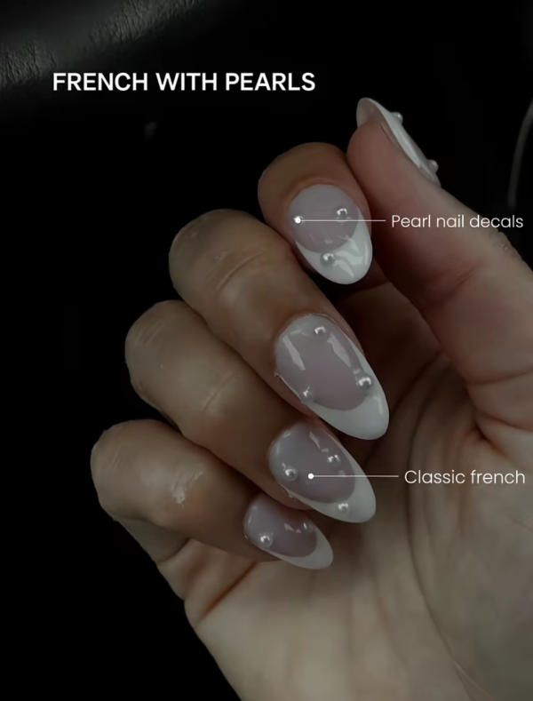 A twist on the timeless French manicure, this version is perfect for special occasions. The classic white tips get a glam upgrade with delicate pearl decals that bring an extra touch of elegance. These nails were made for sunlit vacations and fancy dinners — though they might not last as long as your usual set, they’re worth it for that polished, graceful look.
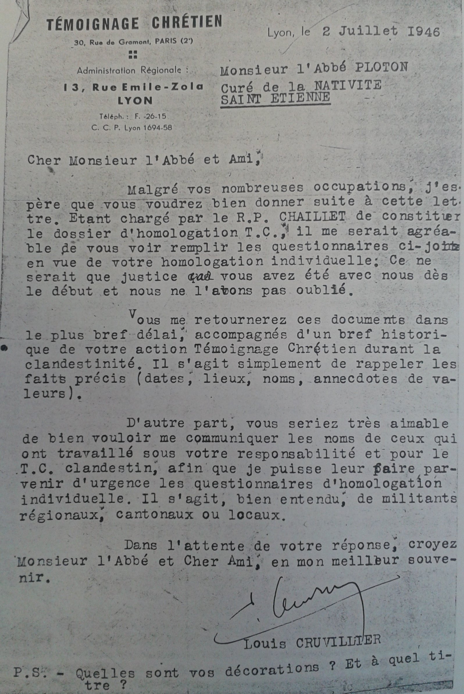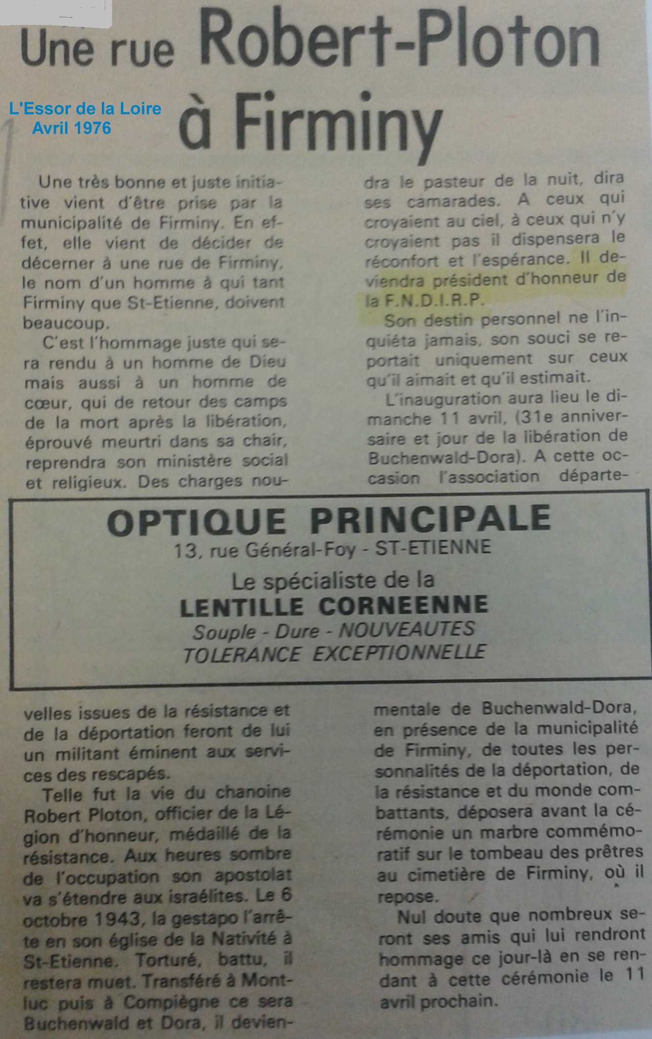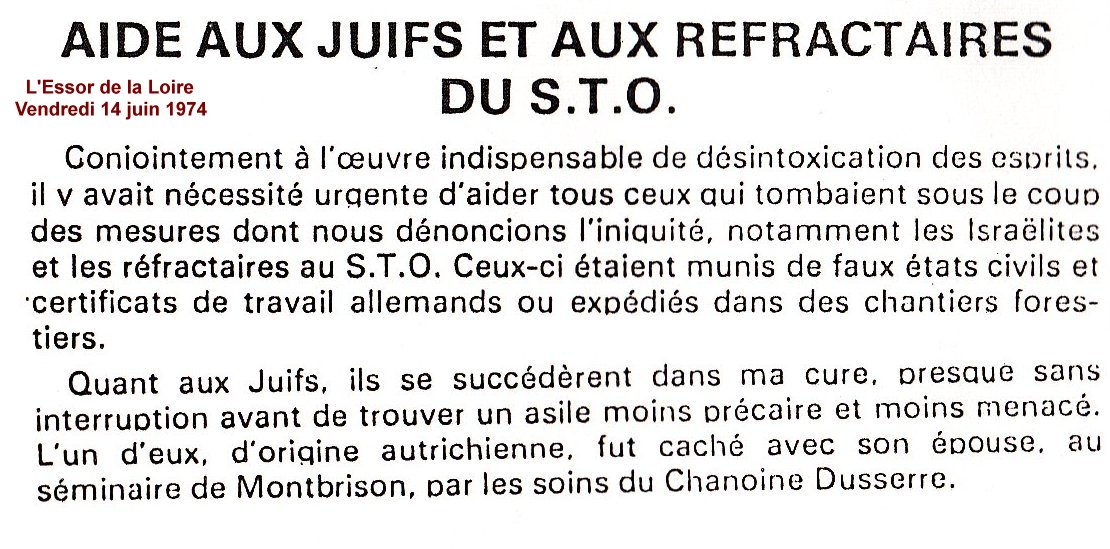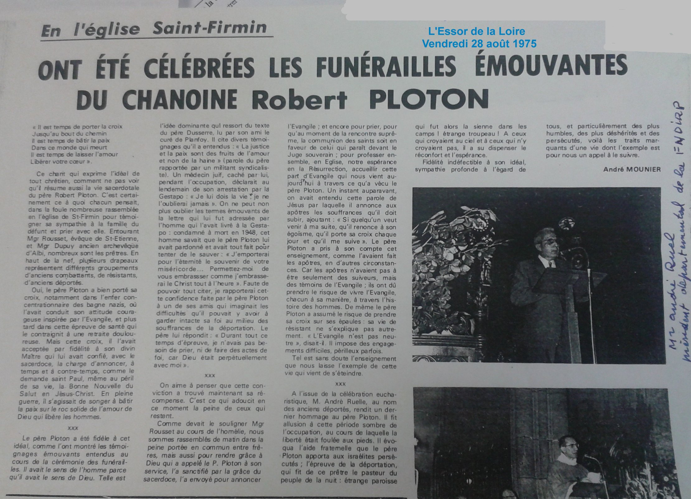 "Jusqu'en octobre 1943 toute l'organisation de la Résistance dans le sud repose sur les épaules de l'abbé Robert PLOTON à Saint-Étienne.
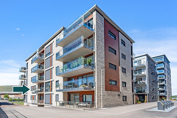 Balkongen er 8,5 m2 og ligger sydvendt. Det er utsikt mot brygga og den nye bystranda er like utenfor døren. Det er sykkelparkering i garasje.
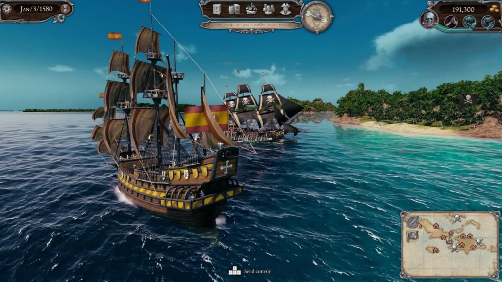 成为海盗不是你的错,而是你的责任!采取行动,让西班牙、荷兰、法国和英国的殖民地摆脱被财宝淹没的重担。但要小心警惕!除非你确信自己是这片海域中的巨头,否则不宜过早、过远地驶离可靠的老家港口。
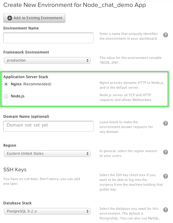 The environment page options also change based on your language selection. For example, if you chose Node.js:
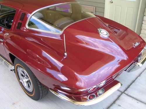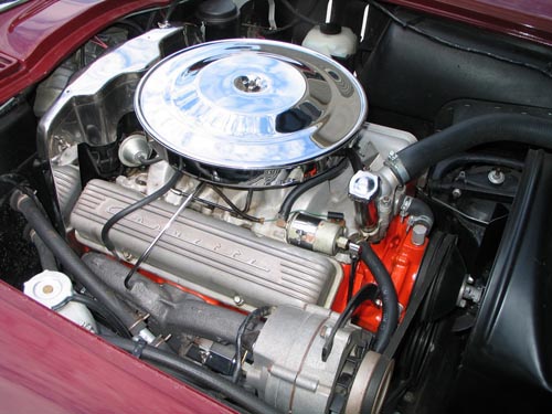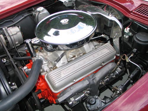This 1965 Corvette Stingray sports the L76 327 ci, 365-hp V-8 engine with a four-barrel carburetor.This three owner vehicle has had a complete body-off restoration with factory correct components and is finished in Milano Maroon. Standard equipment for this year includes a tachometer, heater, defroster, safety belts, four-wheel disc brakes, extensive instrumentation, plus many other features. The side mount pipes were an extra cost option. Leather seats accentuate the luxury that accompanies very quick quarter-mile and 0-60 times. This Corvette has been well cared-for and it has never been used in rain or snow.
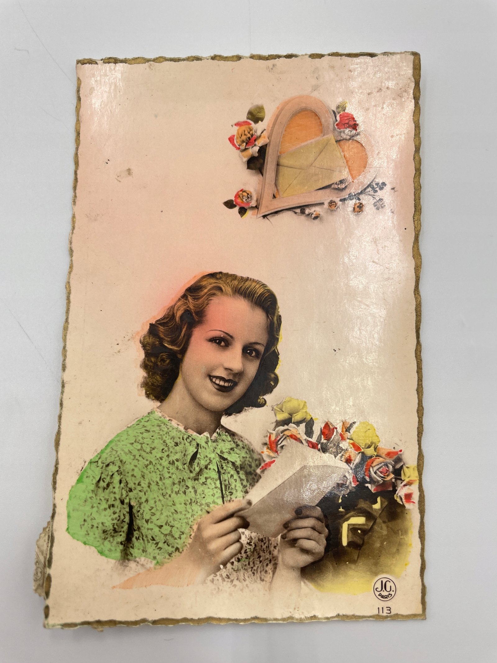 Pocztówka Francja ok. 1930 dziewczyna z listem kwiaty JG 113
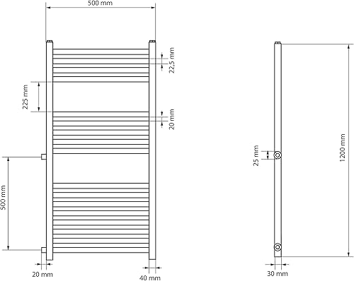 LuxeBath Renovierungsheizkörper Austausch 500x1200 mm Weiß, Badheizkörper gerade mit Seitenanschluss, Nabenabstand 500 mm, Heizkörper Handtuchwärmer Handtuchtrockner Handtuchheizkörper Handtuchheizung
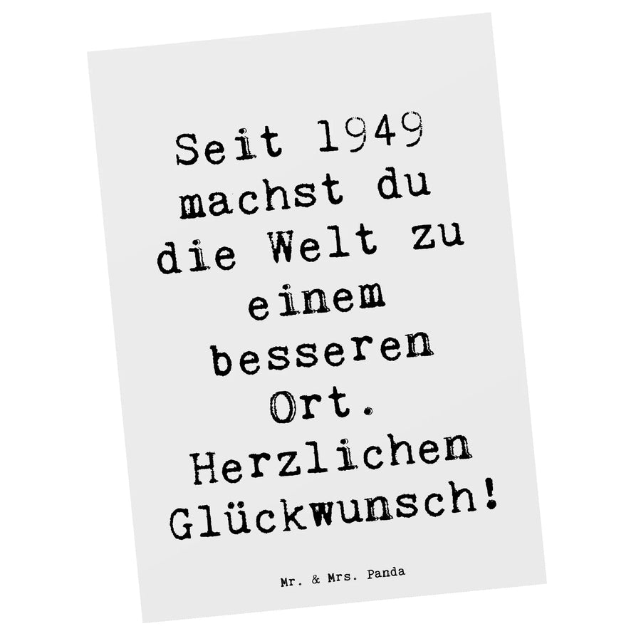 Postcard Saying Seit 1949 machst du die Welt zu einem besseren Ort. Herzlichen Glückwunsch! - White
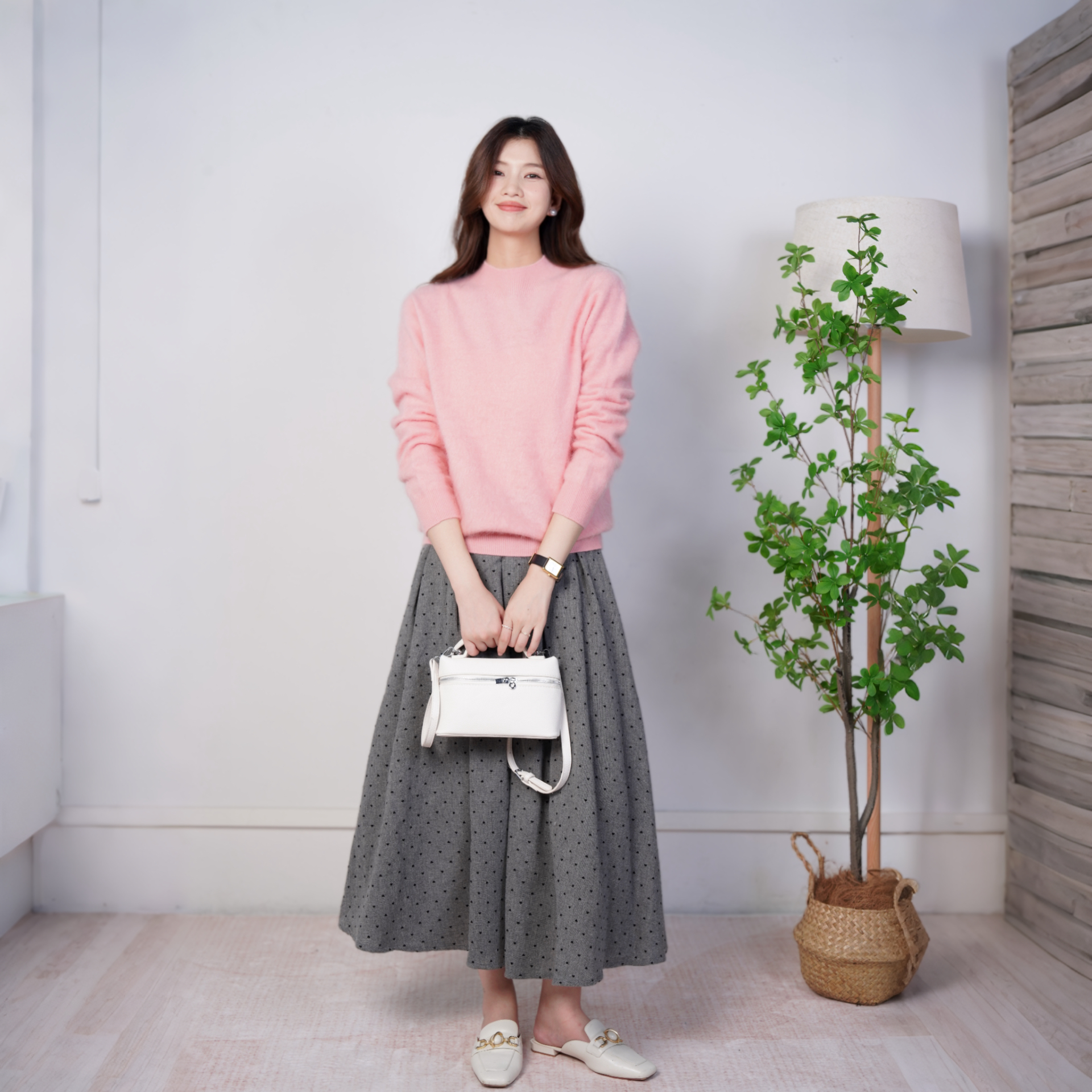 毛呢格子半身裙
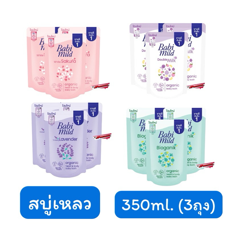 (3ถุง)เบบี้มายด์สบู่เหลว รุ่นถุงเติม ขนาด 350 มล Babi Mild Ultra Mild Head&Body BabyBath
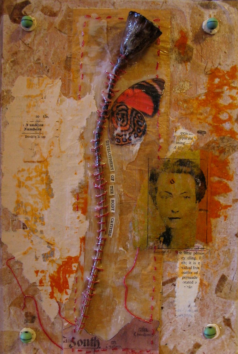 Displayed are three recent pieces by Cristina Clarimon. Clarimon uses a variety of techniques and materials in her work. The images from her work appear to be captured at a peaceful moment. They give the impression of being suspended in time, resting but ready to take flight. They have a silent and even pulse that allows the mind to wander, to imagine.
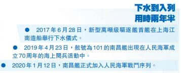 2017年6月28日,中國新型萬噸級驅逐艦首艦舉行下水儀式。2019年4月23日,舷號為101的南昌艦穿雲破霧,出現在中國海軍成立70周年的海上閱兵活動中。從下水到此次正式入列,南昌艦僅僅用了兩年半時間。
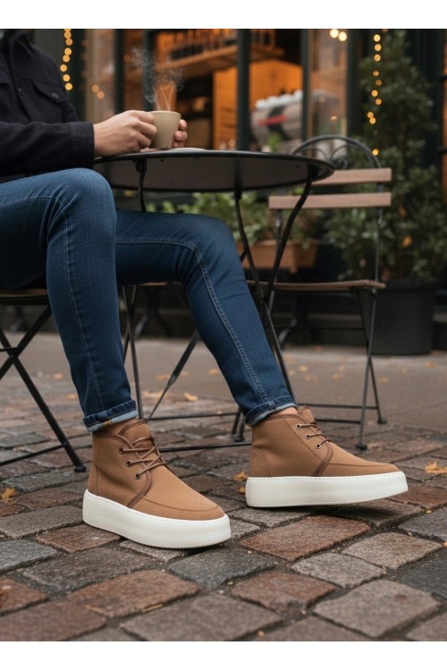 BA0550 İçi Kürklü Bağcıklı Taba Krem Taban Erkek Tarz Spor Bot
== == ==
Write out all of the data above exactly, without any of its pictures.

• TASK ANSWER
 A twist on the timeless French manicure, this version is perfect for special occasions. The classic white tips get a glam upgrade with delicate pearl decals that bring an extra touch of elegance. These nails were made for sunlit vacations and fancy dinners — though they might not last as long as your usual set, they’re worth it for that polished, graceful look.
 "Jusqu'en octobre 1943 toute l'organisation de la Résistance dans le sud repose sur les épaules de l'abbé Robert PLOTON à Saint-Étienne.
 Balkongen er 8,5 m2 og ligger sydvendt. Det er utsikt mot brygga og den nye bystranda er like utenfor døren. Det er sykkelparkering i garasje.
 成为海盗不是你的错,而是你的责任!采取行动,让西班牙、荷兰、法国和英国的殖民地摆脱被财宝淹没的重担。但要小心警惕!除非你确信自己是这片海域中的巨头,否则不宜过早、过远地驶离可靠的老家港口。
 The environment page options also change based on your language selection. For example, if you chose Node.js:
This 1965 Corvette Stingray sports the L76 327 ci, 365-hp V-8 engine with a four-barrel carburetor.This three owner vehicle has had a complete body-off restoration with factory correct components and is finished in Milano Maroon. Standard equipment for this year includes a tachometer, heater, defroster, safety belts, four-wheel disc brakes, extensive instrumentation, plus many other features. The side mount pipes were an extra cost option. Leather seats accentuate the luxury that accompanies very quick quarter-mile and 0-60 times. This Corvette has been well cared-for and it has never been used in rain or snow.
 Pocztówka Francja ok. 1930 dziewczyna z listem kwiaty JG 113
 LuxeBath Renovierungsheizkörper Austausch 500x1200 mm Weiß, Badheizkörper gerade mit Seitenanschluss, Nabenabstand 500 mm, Heizkörper Handtuchwärmer Handtuchtrockner Handtuchheizkörper Handtuchheizung
 Postcard Saying Seit 1949 machst du die Welt zu einem besseren Ort. Herzlichen Glückwunsch! - White
 毛呢格子半身裙
 (3ถุง)เบบี้มายด์สบู่เหลว รุ่นถุงเติม ขนาด 350 มล Babi Mild Ultra Mild Head&Body BabyBath
 Displayed are three recent pieces by Cristina Clarimon. Clarimon uses a variety of techniques and materials in her work. The images from her work appear to be captured at a peaceful moment. They give the impression of being suspended in time, resting but ready to take flight. They have a silent and even pulse that allows the mind to wander, to imagine.
 2017年6月28日,中國新型萬噸級驅逐艦首艦舉行下水儀式。2019年4月23日,舷號為101的南昌艦穿雲破霧,出現在中國海軍成立70周年的海上閱兵活動中。從下水到此次正式入列,南昌艦僅僅用了兩年半時間。
 BA0550 İçi Kürklü Bağcıklı Taba Krem Taban Erkek Tarz Spor Bot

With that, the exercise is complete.